Reidsville, North Carolina

4 days before the election
Population: 14,981
2004 Election: Bush 61%, Kerry 39%
2008 Election: Obama 57%, McCain 41%, Other 2%

There’s something happening here.

Although we’ve been pretty much outside the news cycle for the last two weeks, one blog post that caught my eye is one from in which the author relates the story of a racist couple in Western Pennsylvania cheerfully and matter-of-factly telling a canvasser that they are “voting for the n*****.”

Again our sample is smaller, but in the more than 100 interviews we’ve done, three people have mentioned Obama’s skin color or background as a reason not to vote for him. But one of the interesting shifts from the Midwest to the West to the South has been the answer to “what do you think the effect of a (insert the candidate that the voter supports) will be on this area.
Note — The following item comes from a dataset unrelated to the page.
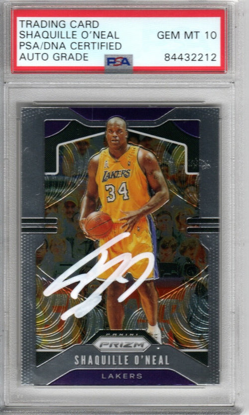 This 2019-20 Panini Trading Card was personally hand signed by Shaquille O'Neal in white marker. The Card is AUTO Graded GEM MT 10 and encapsulated by PSA/DNA. Domestic ground shipping for this item is FREE to the contiguous 48 states. Please contact us for International and other shipping options.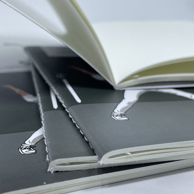 Libreta con cubierta negra o marrón natural con 70 páginas de papel reciclado y un bolígrafo reciclado biodegradable de tinta azul.

In the Midwest and West the responses focused on the economy, but here in the South there have been considerably more mentions of race. There is a palable joy among African-American Obama supporters. Many mention all of his qualifications, his tax plan, his health care plan, but there is a sense of pride, relief and amazement when speaking of Obama unlike any of the supporters of either candidate. To speak very generally, there is a reignition of belief in the American experiment.

The fascinating question will be what will happen to race relations if Obama becomes president? If he succeeds will patriotism continue to trump racism as it did for the white couple in Pennsylvania? If he fails will it make it that much more difficult for blacks and other races to hold on to their share of the American pie?